The IL-MG possessed an aromatic ring and charged imidazole ring, so there were mainly three interactions (π–π, hydrophobic interaction, and electrostatic interaction) between triazine herbicides and IL-MG, which influenced the MDSPE process. In order to obtain optimum conditions for rapid isolation and extraction of triazine herbicides from the water sample, various parameters of MDSPE including the adsorbent amount, the adsorption and desorption time, and the kind and volume of elution solvent were investigated.

Firstly, the amounts of IL-MG ranging from 10.0 to 60.0 mg were evaluated. IL-MG was dispersed in 50.0 mL of mixed standard solution (atrazine, ametryn, and cyanazine) with a concentration of 100 ng mL−1. The supernatant solution was collected after vortexing (10 min) for HPLC analysis to detect the loss of the analytes. As shown in Fig. 5a, the loss rate of triazine herbicides was progressively decreased from 10.0 to 40.0 mg of the adsorbent and then remained almost constant with a further increase of the amount of IL-MG. Consequently, 40.0 mg of IL-MG was used as the optimum amount for MDSPE. The adsorption time was evaluated by changing the vortexing time (1 to 30 min). Fig. 5b shows that IL-MG has a large adsorption capacity, and extraction equilibrium was attained rapidly within 15 min, so 15 min was selected as the adsorption time for further work.

image file: c7an01290j-f5.tif
Fig. 5 Optimization of MDSPE conditions: a: adsorbent amount; b: adsorption time; c: kinds and volume of elution solvents; d: desorption time.

A suitable elution solvent should be utilized to elute the analytes from IL-MG and four types of elution solvents were evaluated by performing MDSPE, including methanol, acetonitrile, acetone, and chloroform.
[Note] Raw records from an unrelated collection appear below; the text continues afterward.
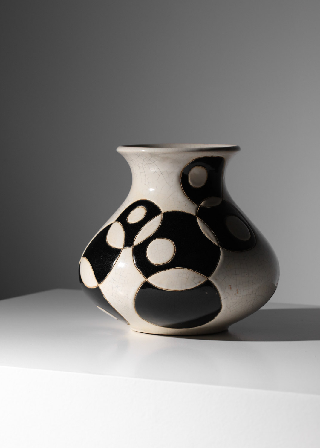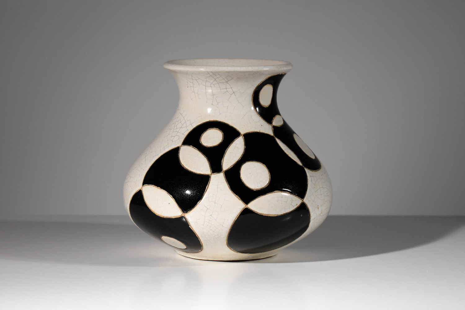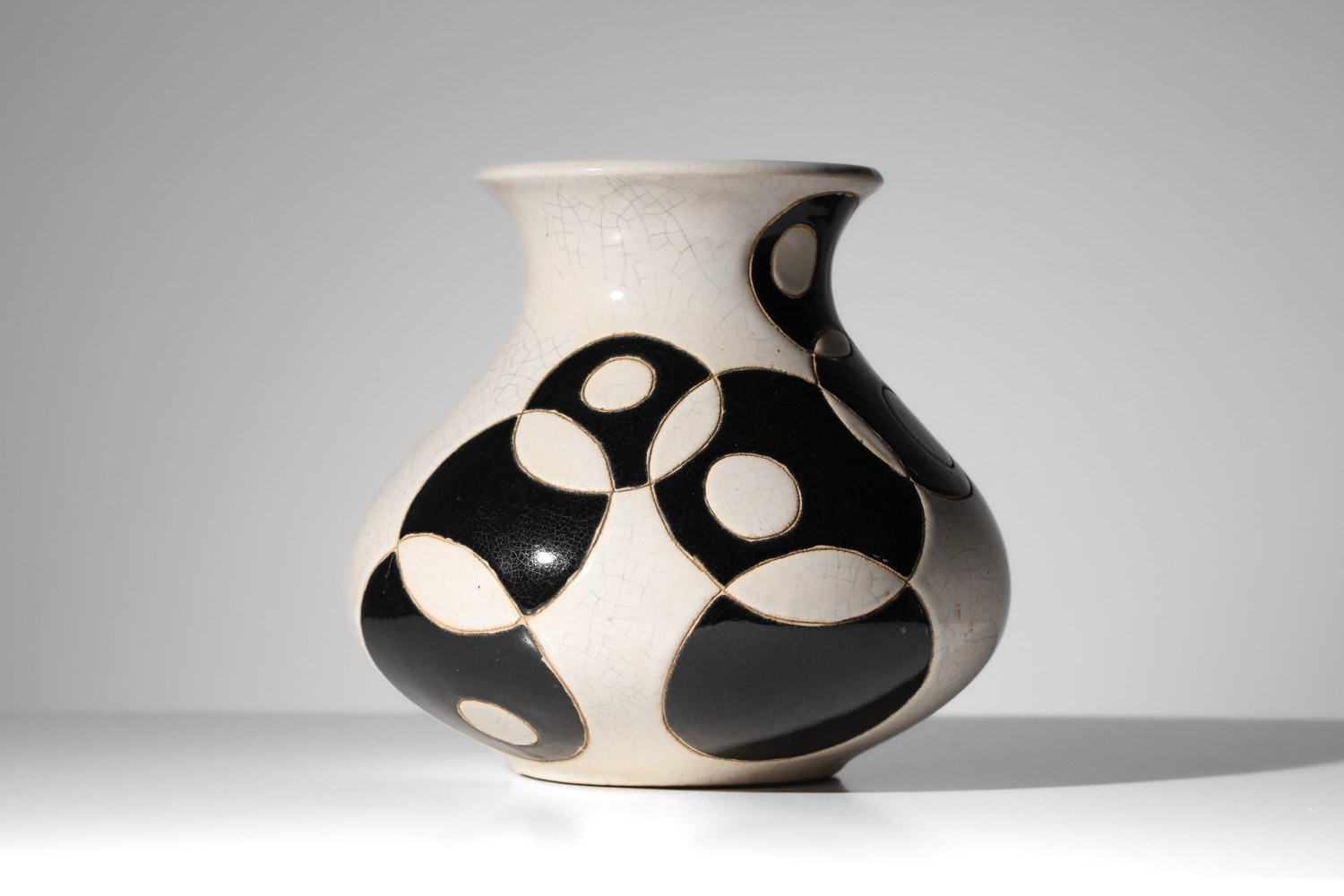 Vase art déco français en céramique beige craquelée avec un décor géométrique abstrait noir sur l’ensemble du vase. Très bel état vintage (voir photos). Signature de l’artiste sous le vase non identifiée.
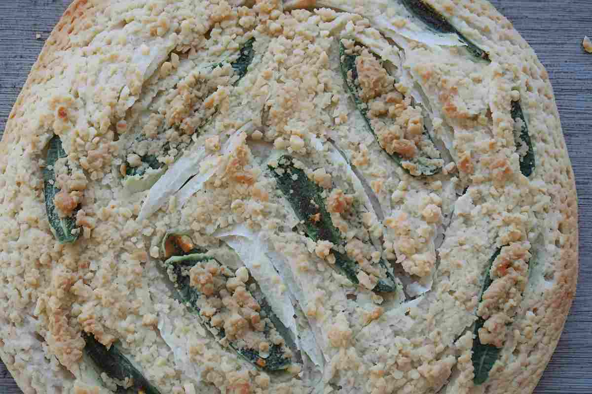 - A questo punto, stendere l’impasto nella teglia, formare le classiche “fossette” con le dita, distribuire metà del burro nocciola, premere le foglie di salvia nell’impasto, e se si vuole aggiungere sale in fiocchi;
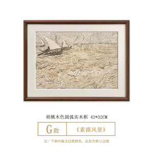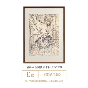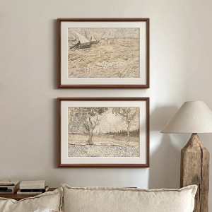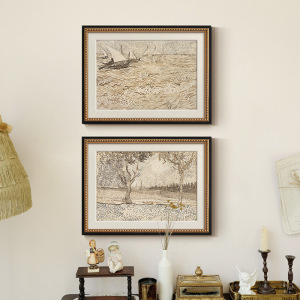 梵高素描风景画组合画法式复古艺术客厅装饰画中古风玄关斗柜挂画
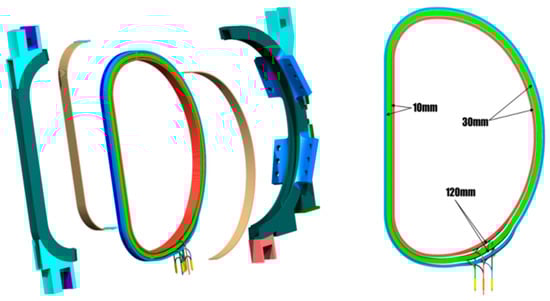 - Vieira, R.F.; Arsenault, D.; Barnett, R.; Bartoszek, L.; Beck, W.; Chamberlain, S.; Cheng, J.L.; Dombrowski, E.; Doody, J.; Dunn, D.; et al. Design, fabrication, and assembly of the SPARC toroidal field model coil. IEEE Trans. Appl. Supercond. 2024, 34, 1–15. [Google Scholar] [CrossRef]
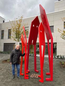 In einer abstrakten, minimalistischen Formensprache vermitteln die Kunstobjekte ein Bild der Gemeinschaft und Zusammengehörigkeit — ein Kunstwerk mit einladendem Charakter, das Zugewandtheit vermittelt und ein Wir-Gefühl erzeugt. In Korrespondenz zur Stadtfarbe Rot ist die Farbgestaltung der Kunstobjekte in kraftvollen Rottönen gehalten. Rot als Verkörperung von Dynamik, Wärme, Präsenz und vitaler Lebensfreude.
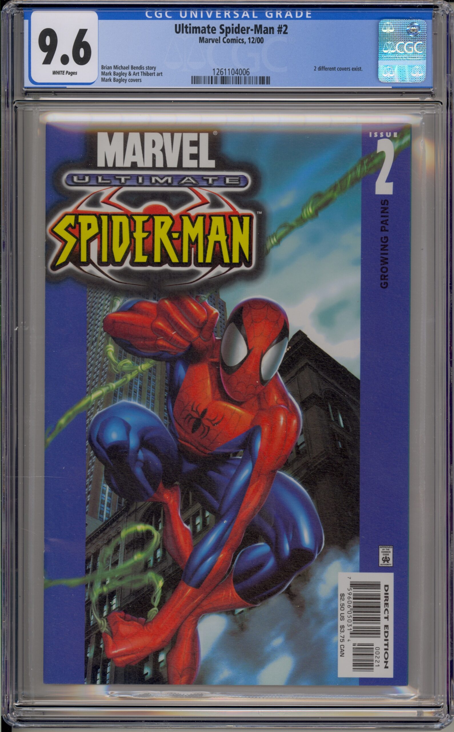 ULTIMATE SPIDER-MAN #2 – CGC 9.6 NM+ – JAE LEE 1 IN 4 VARIANT – GROWING PAINS – 2000
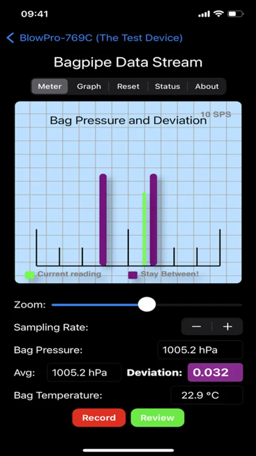 The BlowPro app is used in conjunction with the BlowPro Bagpipe Pressure Sensor to monitor pipe bag pressure and temperature in real-time.
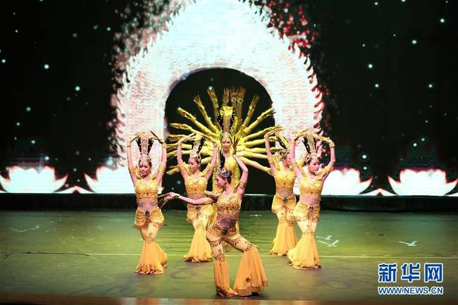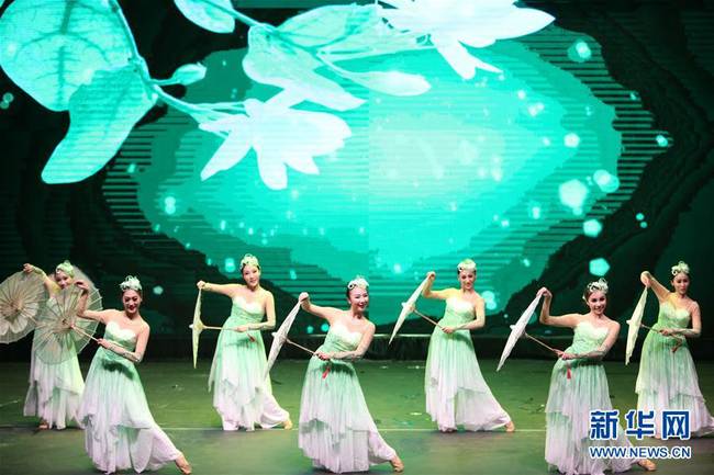 6月24日,在科威特哈瓦利省,廣西文化藝術(shù)團(tuán)的演員表演舞蹈。由中國駐科威特大使館和科威特文化、藝術(shù)與文學(xué)委員會聯(lián)合舉辦的“美麗中國·心儀廣西”文藝演出24日在科威特哈瓦利省舉行。此次文藝演出是正在舉辦的科威特第21屆國際音樂節(jié)的一部分。
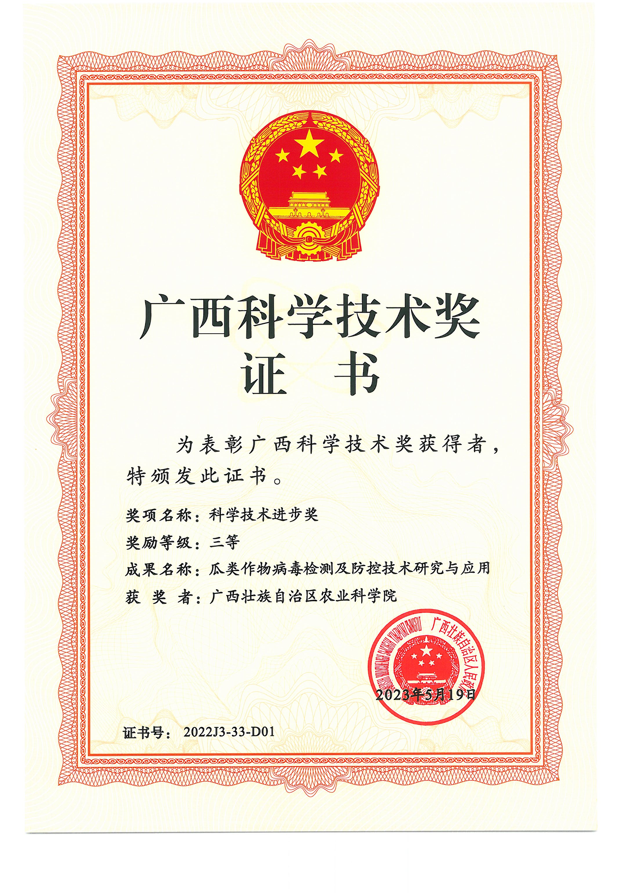 瓜类作物病毒检测及防控技术研究与应用 2022年广西科学技术进步奖三等奖
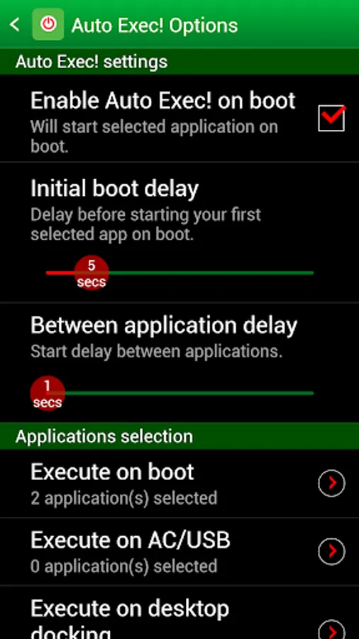 • Automatically start applications when you reboot your device.
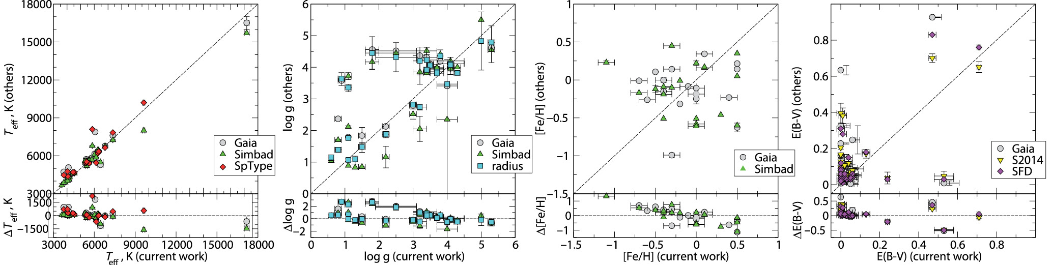 Все авторы применяют методы минимизации отклонений между наблюдаемыми и теоретическими звездными величинами в разных фильтрах. Точность современных фотометрических обзоров не позволяет получить этими методами однозначное решение (Teff, log g, [Fe/H], E(B–V)), поэтому привлекается дополнительная информация в виде эволюционных треков, изохрон, параллаксов Gaia, карт межзвездного поглощения, а также используется вероятностный подход для оценки параметров звезд. Байо и др. (2008) разработали сервис VOSA (virtual observatory SED analyzer), который по известным потокам или звездным величинам в разных диапазонах длин волн (сервис поддерживает практически все фильтры фотометрических обзоров) позволяет получить вероятностную оценку Teff, log g для маломассивных звезд со значениями log g от 3.5 до 4.5 и известным поглощением AV с использованием эволюционных треков и изохрон. В интерфейсе сервиса доступно изменение диапазона металличности применяемых сеток моделей SED. Проект STARHOUSE (Кейроз и др., 2018) привлекает данные ряда спектроскопических обзоров для оценки звездных масс, возрастов и межзвездного поглощения AV путем анализа распределения вероятности на сетке эволюционных моделей.

As shown in Fig. 5c, acetone can obtain the highest recovery for all three triazine herbicides. And the recoveries of the three triazine herbicides increased until the volume of acetone reached 6.0 mL and then remained unchanged. Hence, the optimal elution solvent was 6.0 mL of acetone. The effect of the desorption time on the recoveries of triazine herbicides was evaluated by changing the elution time (1 to 20 min). Fig. 5d shows that desorption equilibrium was attained rapidly within 5 min, so 5 min was selected as the desorption time for further work.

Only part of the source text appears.